I have a queue onto which pending fourier transform requests (comparatively time consuming operations) are placed – we could get thousands of transform requests per second in some cases, so its gotta be quick.
I’m upgrading the old code to use .net 4, as well as porting to TPL. I’m wondering what the most efficient (fastest throughput) way to handle this queue looks like. I’d like to use all cores available.
Currently I am experimenting with a BlockingCollection. I create a queue handler class that spawns 4 tasks, which block on the BlockingCollection and wait for incoming work. They then process that pending transform. Code:
public class IncomingPacketQueue : IDisposable
{
BlockingCollection<IncomingPacket> _packetQ = new BlockingCollection<IncomingPacket>();
public IncomingPacketQueue(int workerCount)
{
for (int i = 0; i < workerCount; i++)
{
Task.Factory.StartNew(Consume);
}
}
public void EnqueueSweep(IncomingPacket incoming)
{
_packetQ.Add(incoming);
}
private void Consume()
{
foreach (var sweep in _packetQ.GetConsumingEnumerable())
{
//do stuff
var worker = new IfftWorker();
Trace.WriteLine(" Thread {0} picking up a pending ifft".With(Thread.CurrentThread.ManagedThreadId));
worker.DoIfft(sweep);
}
}
public int QueueCount
{
get
{
return _packetQ.Count;
}
}
#region IDisposable Members
public void Dispose()
{
_packetQ.CompleteAdding();
}
#endregion
}
Does this look like a good solution? It seems to max out all cores – although I’m currently unsure how many workers I should spawn in my constructor.

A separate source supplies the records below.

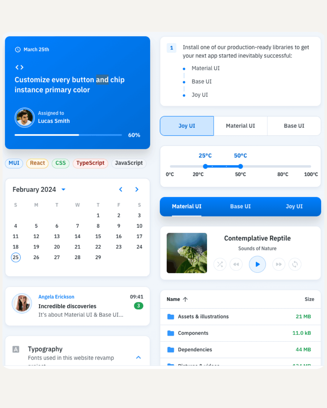 We work with a set of free and paid UI libraries to ship your new features faster. You can get both benefits of material UI and customization.
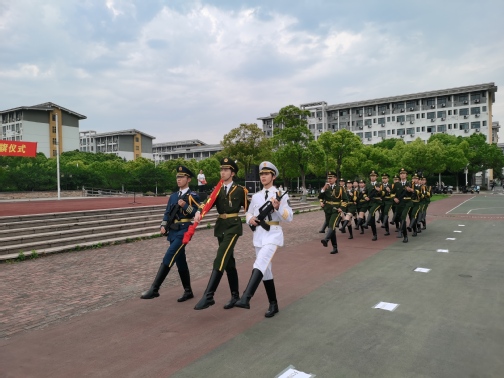 迎着初升的晨曦,国旗护卫队踏着整齐有力的步伐护卫国旗入场,伴随着激昂的《义勇军进行曲》,鲜艳的五星红旗在全体师生的注目中冉冉升起,迎风飘扬。
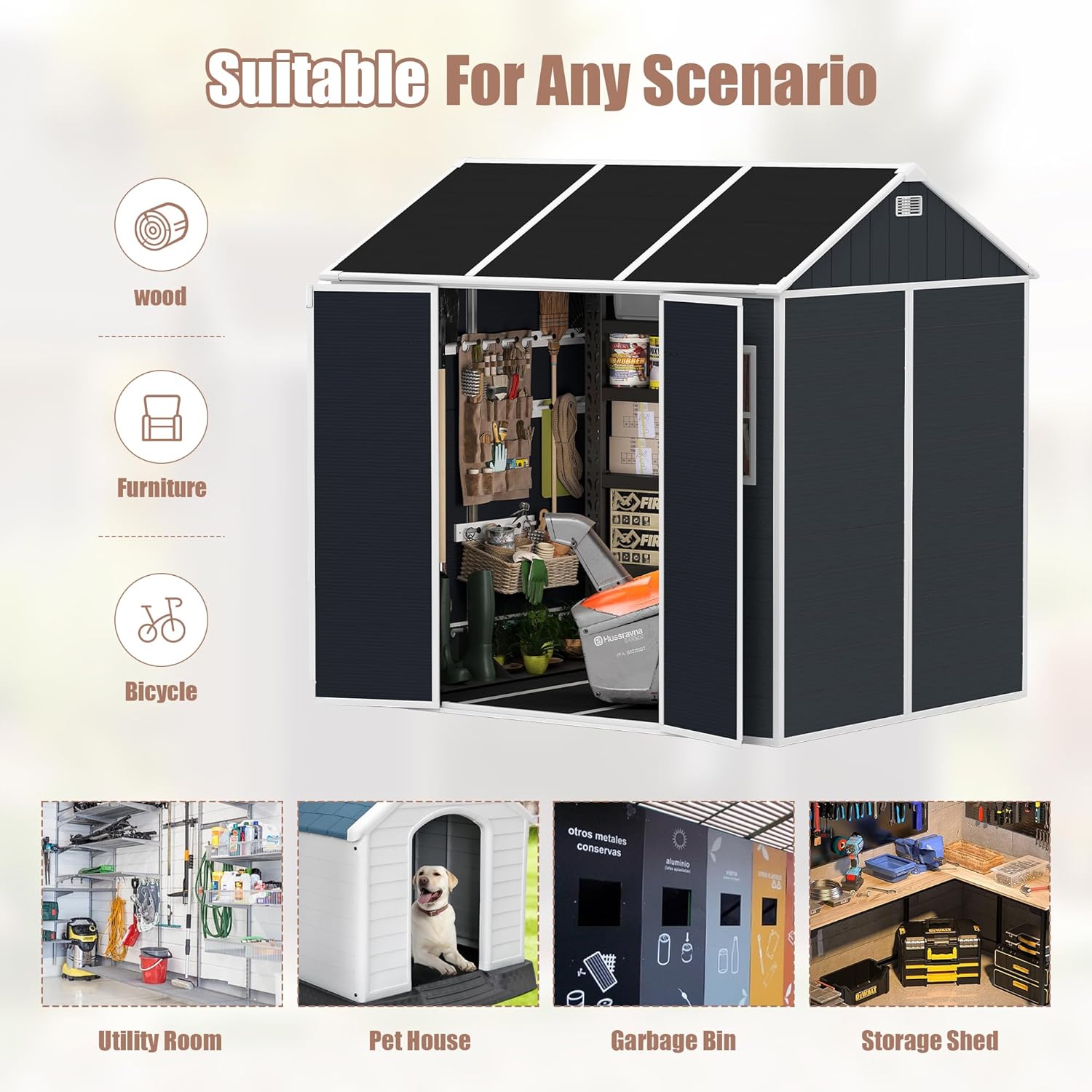- đ ăSpacious & Versatile Outdoor StorageăThis generously sized outdoor storage shed offers ample space to store lawn mowers, bicycles, gardening tools, and storage racksâhelping to keep your backyard, patio, or lawn organized and clutter-free. Its flexible design also allows it to double as a ventilated pet house or a sunlit greenhouse, making the most of your outdoor area
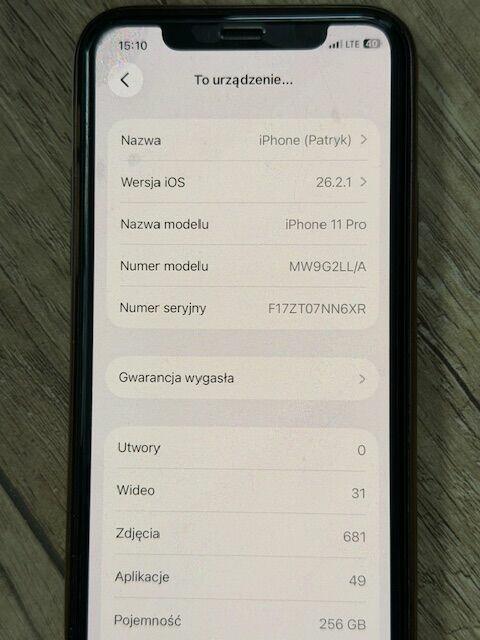 Witam Sprzedam iPhone 11 Pro 256 BG , stan bardzo dobry, kondycja baterii 93 %, Na ekranie jest założona folia ...
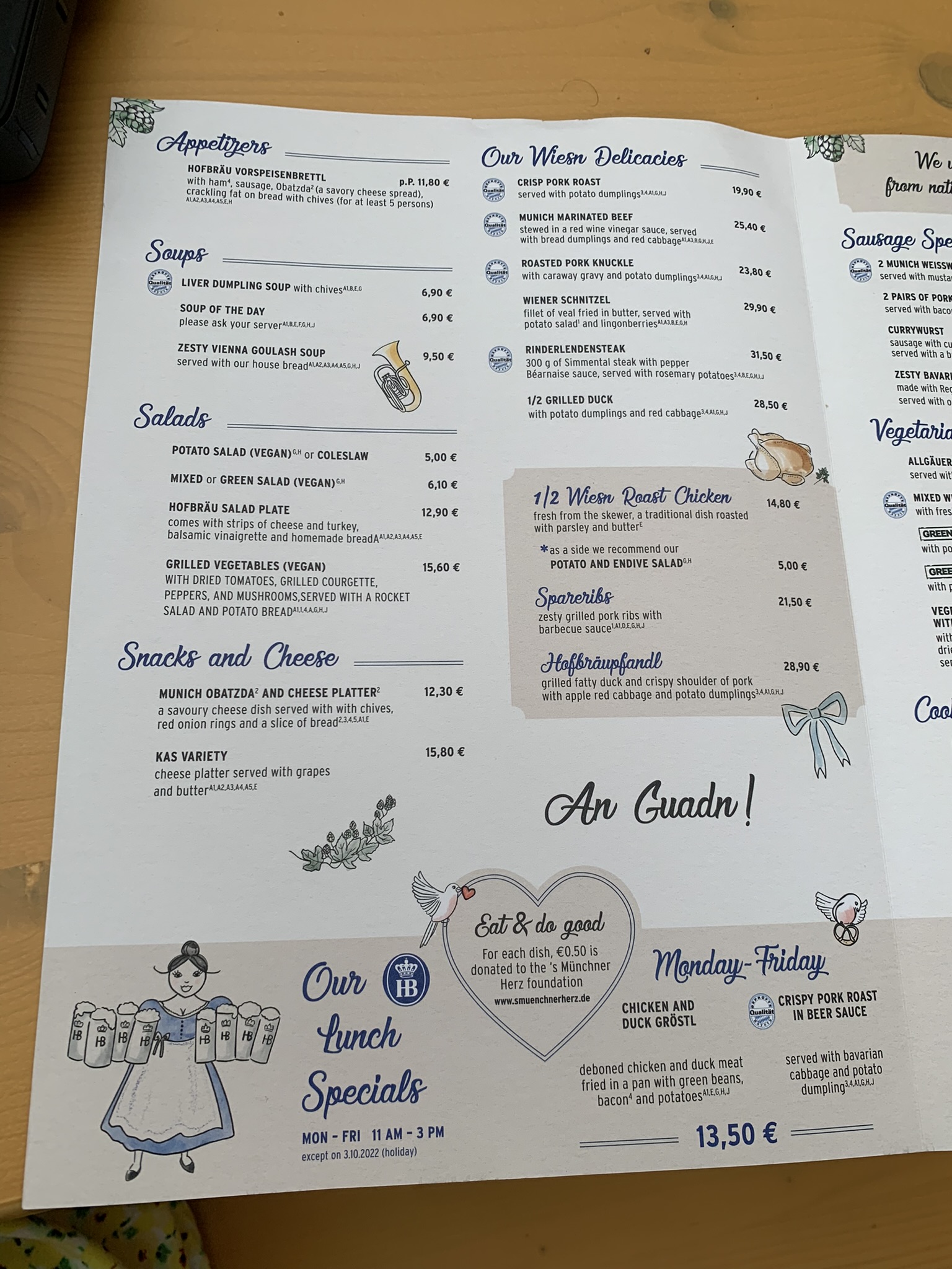 - Tipping etiquette: The servers make money off tips. When I went in 2023, I paid 14,50 euros for a liter of beer. I gave 15 euros to the server, and she kept the change because she expected the 0.50 euros as her tip.
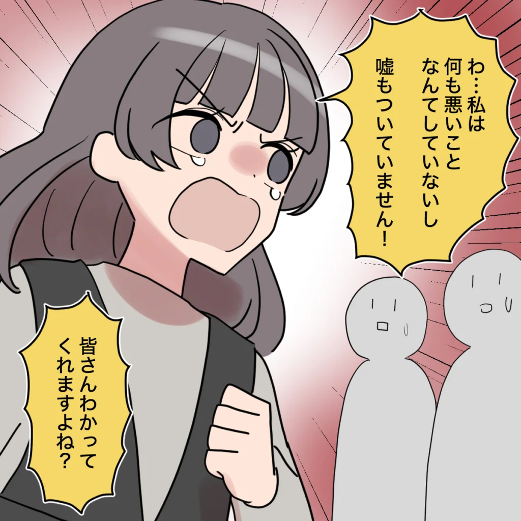 この状況になっても自分の非を認めない田中さんは「わ・・私は何も悪いことなんてしていないし、嘘もついてません!皆さんわかってくれますよね?」と泣きながら周りの保護者に助けを求め始めました。田中さんに同意を求められた保護者たちはみんな困惑した表情を浮かべていました。都合が悪くなると泣いて周りの同情を引こうとするところもあの頃のままです。
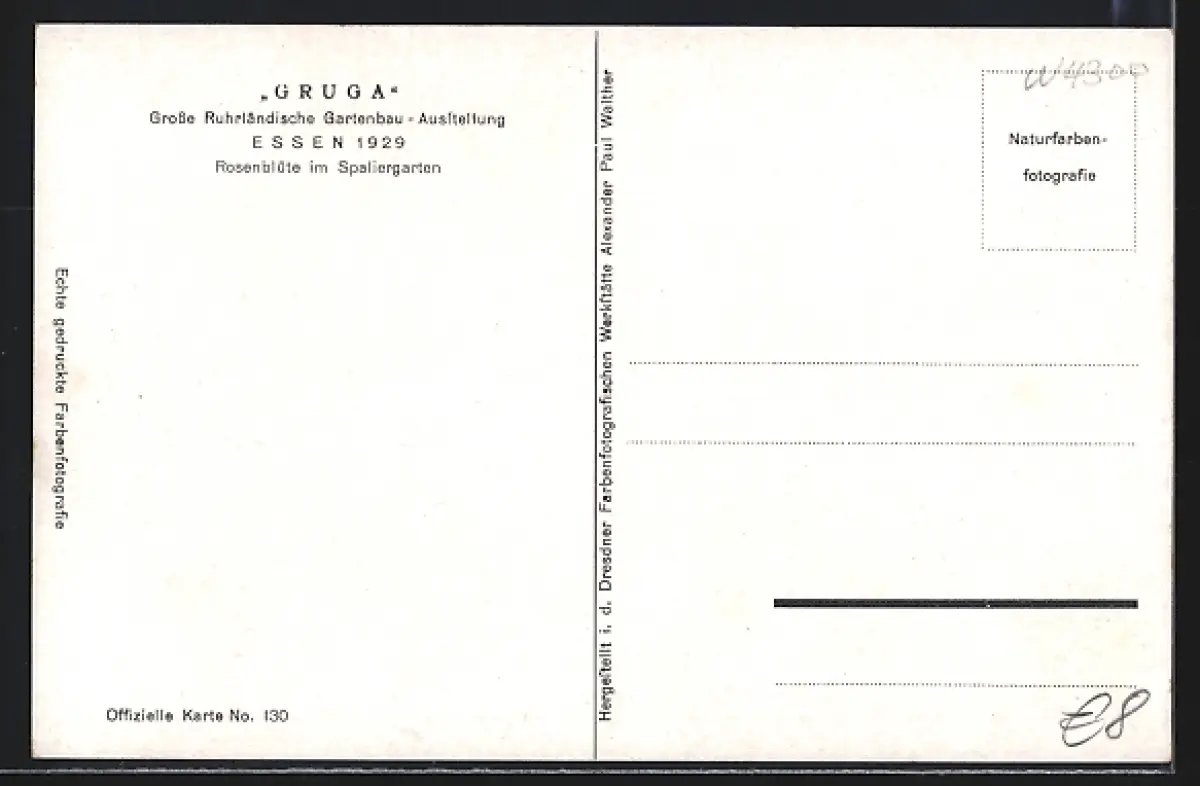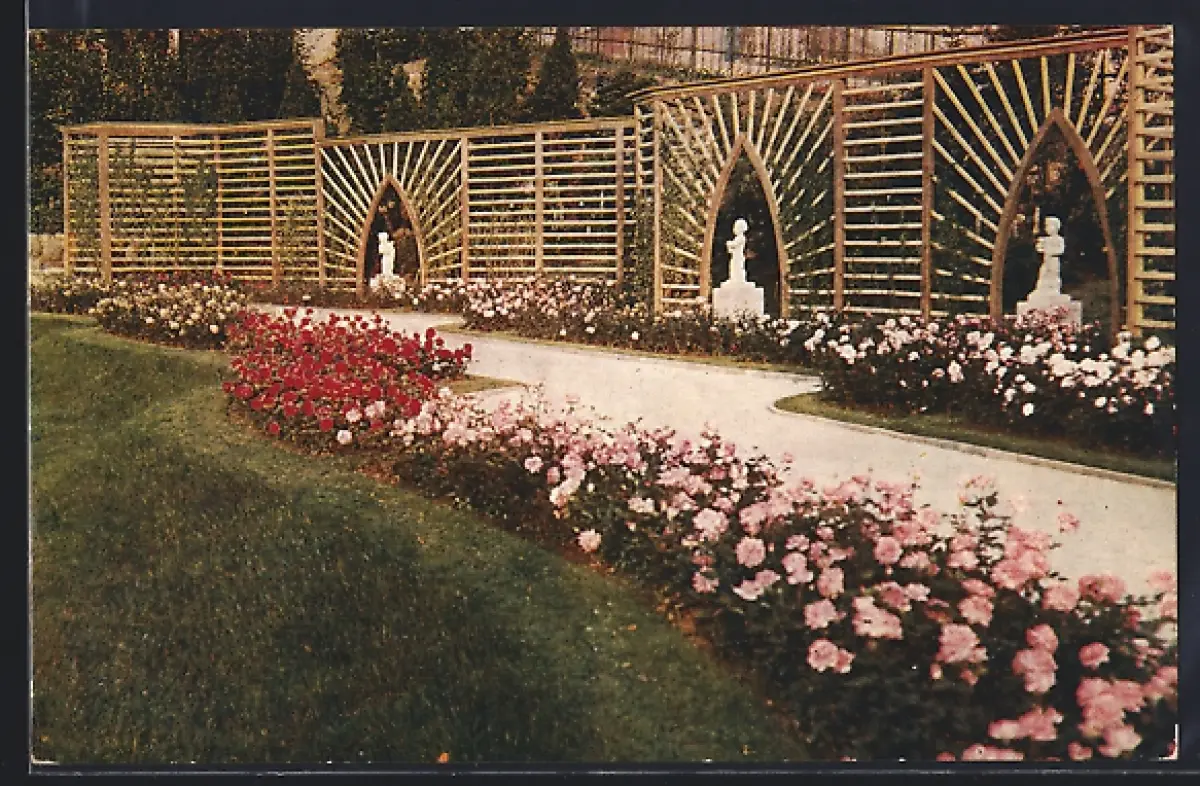AK Essen, GRUGA 1929, Rosenblüte im Spaliergarten
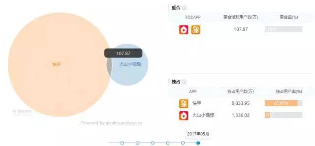 根据易观千帆这份截止到 2017 年 5 月的数据,头条光火山小视频这个独立出去的项目就在数据上达到快手八分之一的量级,更别提抖音这匹今年短视频平台最大的黑马在高阶用户上对快手进行收割。
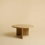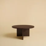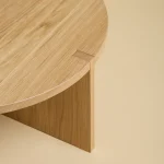 Its circular tabletop, characterized by its rich wood grain, is supported by two interlocking solid oak planks that form an innovative leg structure, combining structural stability with a sculptural design. The precision-cut plank gently pierces the tabletop, creating a sense of harmonious balance while showcasing expert woodworking techniques.
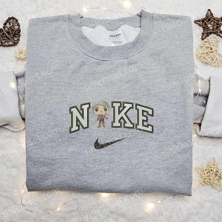 The Witcher Chibi x Nike Swoosh Embroidered Shirt is a musthave for all gaming enthusiasts and fashion-forward individuals. This unique collaboration between The Witcher and Nike brings together the iconic Swoosh logo with adorable Chibi characters from the game. Made with premium quality materials, this shirt offers superior comfort and durability. The intricate embroidery adds a touch of sophistication, making it suitable for both casual and semi-formal occasions. With its trendy design and impeccable craftsmanship, this shirt is sure to turn heads wherever you go. Show off your love for gaming and style with this one-of-a-kind shirt. Perfect as a gift for family or friends, it combines their passion for gaming with their love for fashionable clothing. Don't miss out on this limited edition piece that adds a touch of magic to your wardrobe!
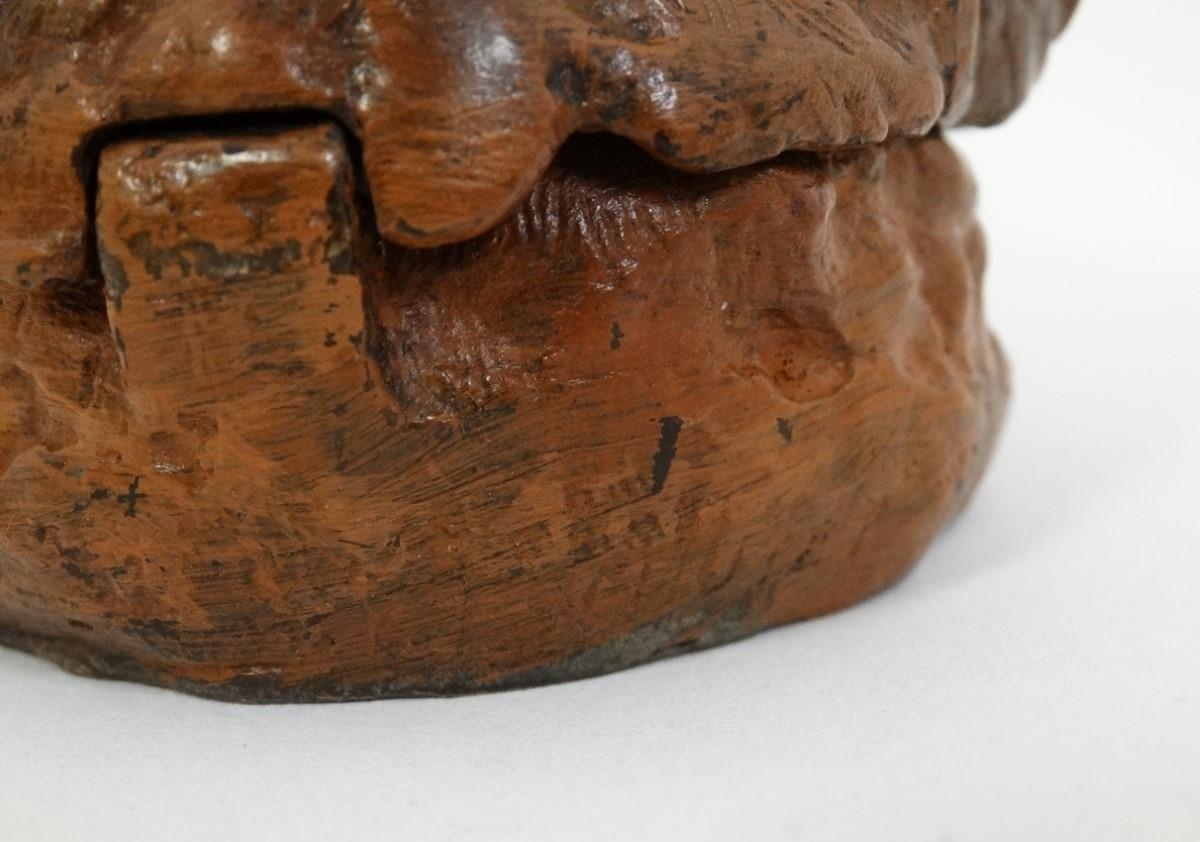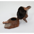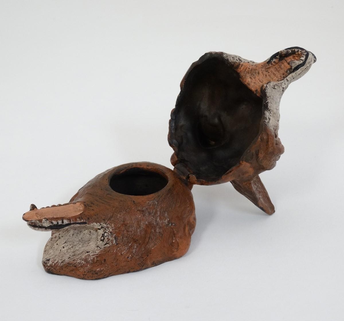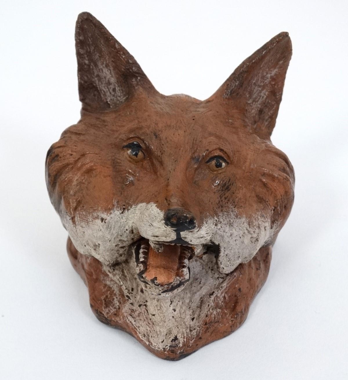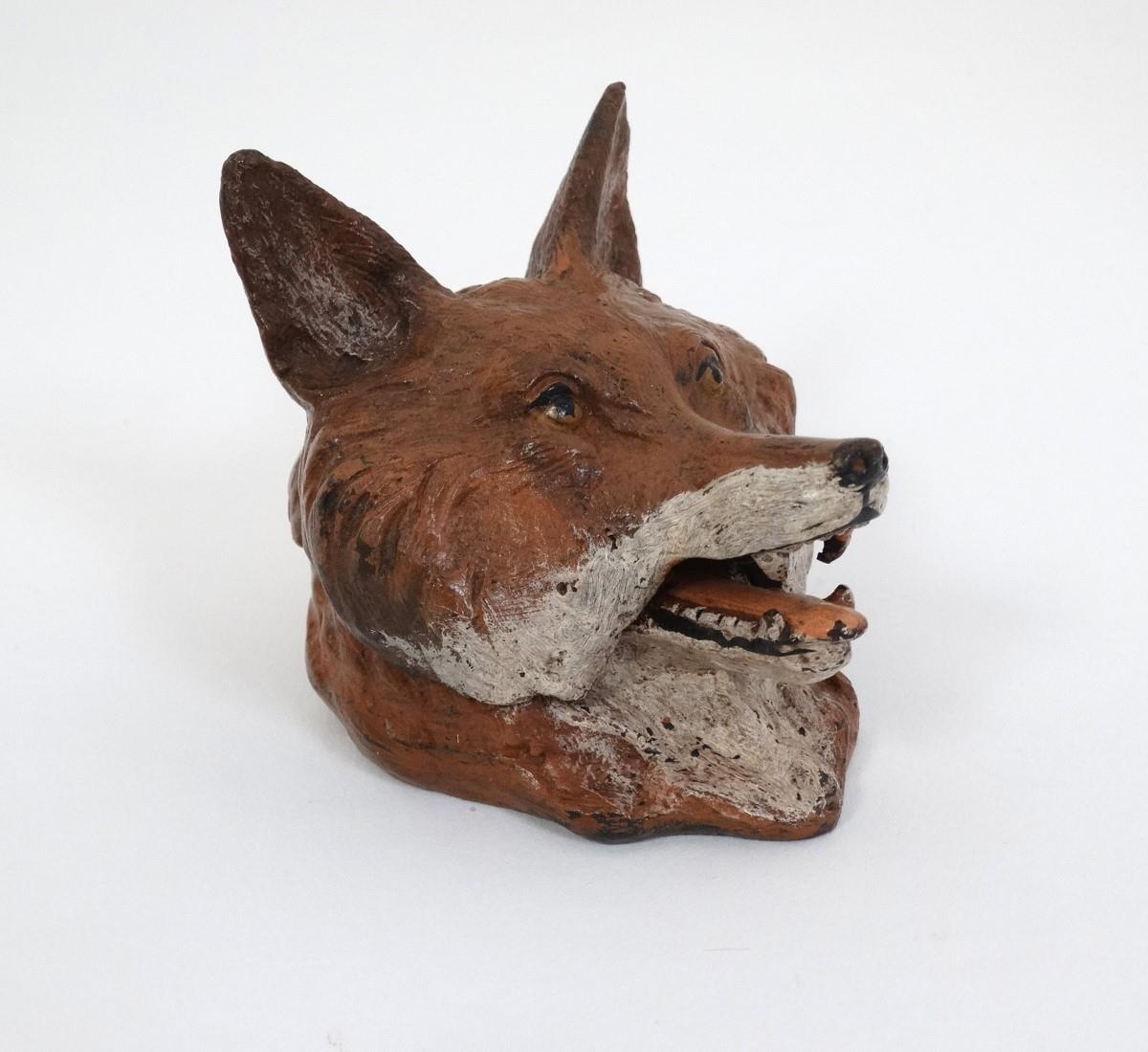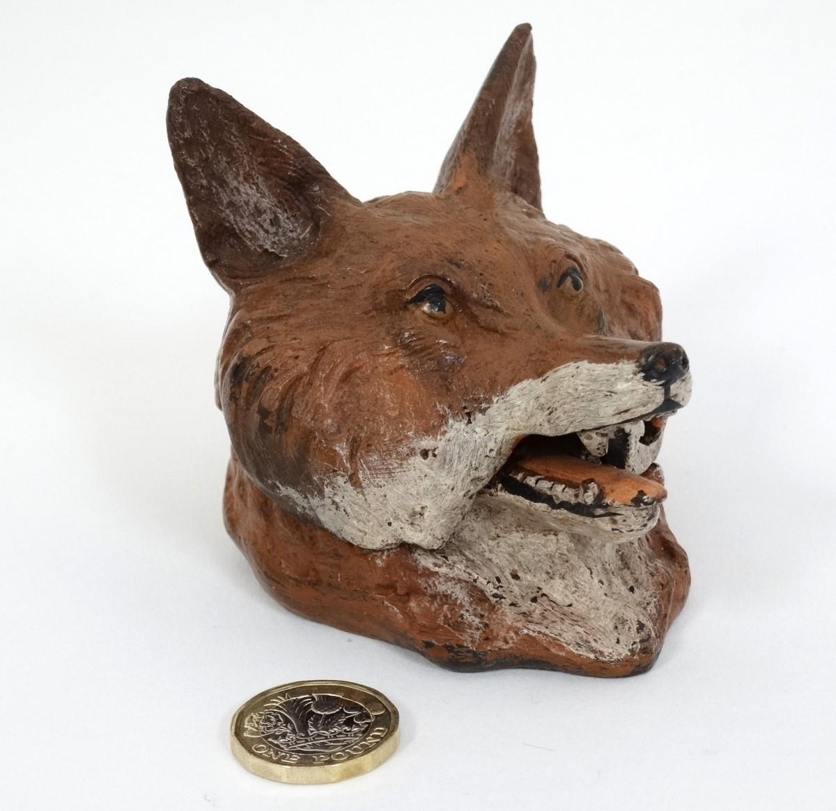 A 21stC novelty cold painted bronze inkwell formed as a fox head. Approx. 3 1/2'' long
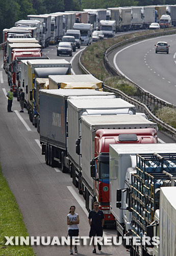6月30日,在法國斯特拉斯堡附近,一條公路被卡車堵塞。

That looks reasonable. I’ve found
BlockingCollectionto be quite fast. I use it to process tens of thousands of requests per second.If your application is processor bound, then you probably don’t want to create more workers than you have cores. Certainly you don’t want to create a lot more workers than cores. On a quad core machine, if you expect most of the time to be spent doing the FFTs, then four workers will eat all the CPU. More workers just means more that you have thread context switches to deal with. The TPL will typically balance that for you, but there’s no reason to create, say, 100 workers when you can’t handle more than a handful.
I would suggest that you run tests with 3, 4, 5, 6, 7, and 8 workers. See which one gives you the best throughput.